I've been able to torture test my Multidock with a full orchestral palette running at 24/96 and no real issues with disk access. I love it. I'm planning to get a second one in the near future. 

Plus, you know, pretty flashing lights...


----------



## holywilly (Mar 16, 2018)

https://www.atechflash.com/blackjet-ux1

This one is similar to BlackMagic Multidock, and it only has 2 SSD slots.


----------



## JJP (Mar 16, 2018)

I like my Mutidock. It's silent. I have no problems with throughput. I just works. It's like my old Unitor8. It sits in the rack and does its job without me having to think about it. I hope it lasts as long as my Unitor8.
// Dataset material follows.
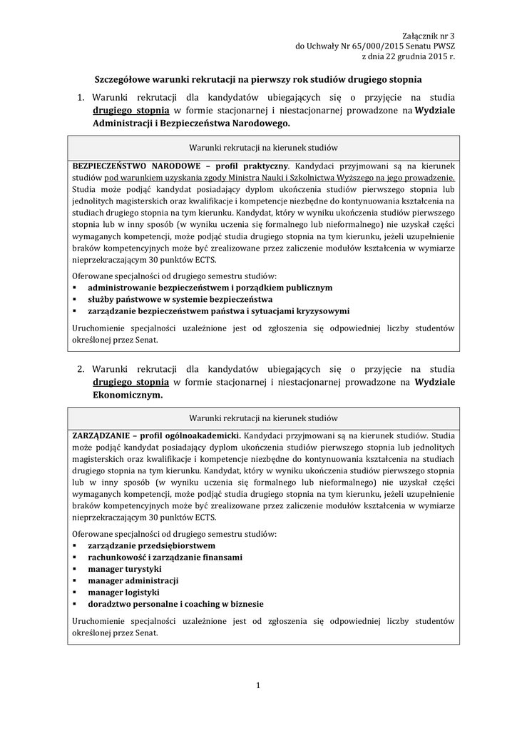 Załącznik nr 3 do Uchwały Nr 65/000/2015 Senatu PWSZ z dnia 22 grudnia 2015 r. Szczegółowe warunki rekrutacji na pierwszy rok studiów drugiego stopnia 1. Warunki rekrutacji dla kandydatów ubiegających się o przyjęcie na studia drugiego stopnia w formie stacjonarnej i niestacjonarnej prowadzone na Wydziale Administracji i Bezpieczeństwa Narodowego. Warunki rekrutacji na kierunek studiów BEZPIECZEŃSTWO NARODOWE – profil praktyczny. Kandydaci przyjmowani są na kierunek studiów pod warunkiem uzyskania zgody Ministra Nauki i Szkolnictwa Wyższego na jego prowadzenie. Studia może podjąć kandydat posiadający dyplom ukończenia studiów pierwszego stopnia lub jednolitych magisterskich oraz kwalifikacje i kompetencje niezbędne do kontynuowania kształcenia na studiach drugiego stopnia na tym kierunku. Kandydat, który w wyniku ukończenia studiów pierwszego stopnia lub w inny sposób (w wyniku uczenia się formalnego lub nieformalnego) nie uzyskał części wymaganych kompetencji, może podjąć studia drugiego stopnia na tym kierunku, jeżeli uzupełnienie braków kompetencyjnych może być zrealizowane przez zaliczenie modułów kształcenia w wymiarze nieprzekraczającym 30 punktów ECTS. Oferowane specjalności od drugiego semestru studiów: administrowanie bezpieczeństwem i porządkiem publicznym służby państwowe w systemie bezpieczeństwa zarządzanie bezpieczeństwem państwa i sytuacjami kryzysowymi Uruchomienie specjalności uzależnione jest od zgłoszenia się odpowiedniej liczby studentów określonej przez Senat. 2. Warunki rekrutacji dla kandydatów ubiegających się o przyjęcie na studia drugiego stopnia w formie stacjonarnej i niestacjonarnej prowadzone na Wydziale Ekonomicznym. Warunki rekrutacji na kierunek studiów ZARZĄDZANIE – profil ogólnoakademicki. Kandydaci przyjmowani są na kierunek studiów. Studia może podjąć kandydat posiadający dyplom ukończenia studiów pierwszego stopnia lub jednolitych magisterskich oraz kwalifikacje i kompetencje niezbędne do kontynuowania kształcenia na studiach drugiego stopnia na tym kierunku. Kandydat, który w wyniku ukończenia studiów pierwszego stopnia lub w inny sposób (w wyniku uczenia się formalnego lub nieformalnego) nie uzyskał części wymaganych kompetencji, może podjąć studia drugiego stopnia na tym kierunku, jeżeli uzupełnienie braków kompetencyjnych może być zrealizowane przez zaliczenie modułów kształcenia w wymiarze nieprzekraczającym 30 punktów ECTS. Oferowane specjalności od drugiego semestru studiów: zarządzanie przedsiębiorstwem rachunkowość i zarządzanie finansami manager turystyki manager administracji manager logistyki doradztwo personalne i coaching w biznesie Uruchomienie specjalności uzależnione jest od zgłoszenia się odpowiedniej liczby studentów określonej przez Senat. 1 Załącznik nr 3 do Uchwały Nr 65/000/2015 Senatu PWSZ z dnia 22 grudnia 2015 r. FINANSE I RACHUNKOWOŚC – profil praktyczny. Kandydaci przyjmowani są na kierunek studiów pod warunkiem uzyskania zgody Ministra Nauki i Szkolnictwa Wyższego na jego prowadzenie. Studia może podjąć kandydat posiadający dyplom ukończenia studiów pierwszego stopnia lub jednolitych magisterskich oraz kwalifikacje i kompetencje niezbędne do kontynuowania kształcenia na studiach drugiego stopnia na tym kierunku. Kandydat, który w wyniku ukończenia studiów pierwszego stopnia lub w inny sposób (w wyniku uczenia się formalnego lub nieformalnego) nie uzyskał części wymaganych kompetencji, może podjąć studia drugiego stopnia na tym kierunku, jeżeli uzupełnienie braków kompetencyjnych może być zrealizowane przez zaliczenie modułów kształcenia w wymiarze nieprzekraczającym 30 punktów ECTS. Oferowane specjalności od drugiego semestru studiów: doradztwo finansowo-księgowe rachunkowość i finanse przedsiębiorstw bankowość i doradztwo inwestycyjne Uruchomienie specjalności uzależnione jest od zgłoszenia się odpowiedniej liczby studentów określonej przez Senat. 3. Warunki rekrutacji dla kandydatów ubiegających się o przyjęcie na studia drugiego stopnia w formie stacjonarnej i niestacjonarnej prowadzone na Wydziale Humanistycznym. Warunki rekrutacji na kierunek studiów FILOLOGIA POLSKA – profil ogólnoakademicki. Kandydaci przyjmowani są na kierunek studiów. Studia może podjąć kandydat posiadający dyplom ukończenia studiów pierwszego stopnia lub jednolitych magisterskich oraz kwalifikacje i kompetencje niezbędne do kontynuowania kształcenia na studiach drugiego stopnia na tym kierunku. Kandydat, który w wyniku ukończenia studiów pierwszego stopnia lub w inny sposób (w wyniku uczenia się formalnego lub nieformalnego) nie uzyskał części wymaganych kompetencji, może podjąć studia drugiego stopnia na tym kierunku, jeżeli uzupełnienie braków kompetencyjnych może być zrealizowane przez zaliczenie modułów kształcenia w wymiarze nieprzekraczającym 30 punktów ECTS. Oferowane specjalności od drugiego semestru studiów: nauczycielska komunikacja medialna Uruchomienie specjalności uzależnione jest od zgłoszenia się odpowiedniej liczby studentów określonej przez Senat. PEDAGOGIKA – profil praktyczny. Kandydaci przyjmowani są na kierunek studiów pod warunkiem uzyskania zgody Ministra Nauki i Szkolnictwa Wyższego na jego prowadzenie. Studia może podjąć kandydat posiadający dyplom ukończenia studiów pierwszego stopnia lub jednolitych magisterskich oraz kwalifikacje i kompetencje niezbędne do kontynuowania kształcenia na studiach drugiego stopnia na tym kierunku. Kandydat, który w wyniku ukończenia studiów pierwszego stopnia lub w inny sposób (w wyniku uczenia się formalnego lub nieformalnego) nie uzyskał części wymaganych kompetencji, może podjąć studia drugiego stopnia na tym kierunku, jeżeli uzupełnienie braków kompetencyjnych może być zrealizowane przez zaliczenie modułów kształcenia w wymiarze nieprzekracz

Edit: It probably won't last that long. Tech changes too quickly now.


----------



## jmauz (Mar 16, 2018)

You could build a hackintosh. Save thousands of dollars and all this talk about how to connect your SSD's would be moot. I have 5TB of SSD in both of my machines and they work flawlessly. 10-12 hours a day of composing with a 1000+ track template and never a hiccup.


----------



## tmhuud (Mar 16, 2018)

The BlackJet looks interesting. Thanks for posting that. I hav two BlackMagic docks and am getting a third this week. I had to hack into them though to put in a power switch but its worth it. But TB3 sure looks tasty. (unfortunately trash cans don't support TB3 AFAIK)


----------



## Soundhound (Mar 17, 2018)

I have two multidocks, and getting to the point where I want to start getting 2tb drives instead of another multidock. 

The problem is the cost of 2tb ssds are very expensive. It would be like buying another multidock every time I get another drive. Hoping that 2 tb ssd prices will start falling someday soon. But I'm not holding my breath


----------



## Josh Richman (Mar 18, 2018)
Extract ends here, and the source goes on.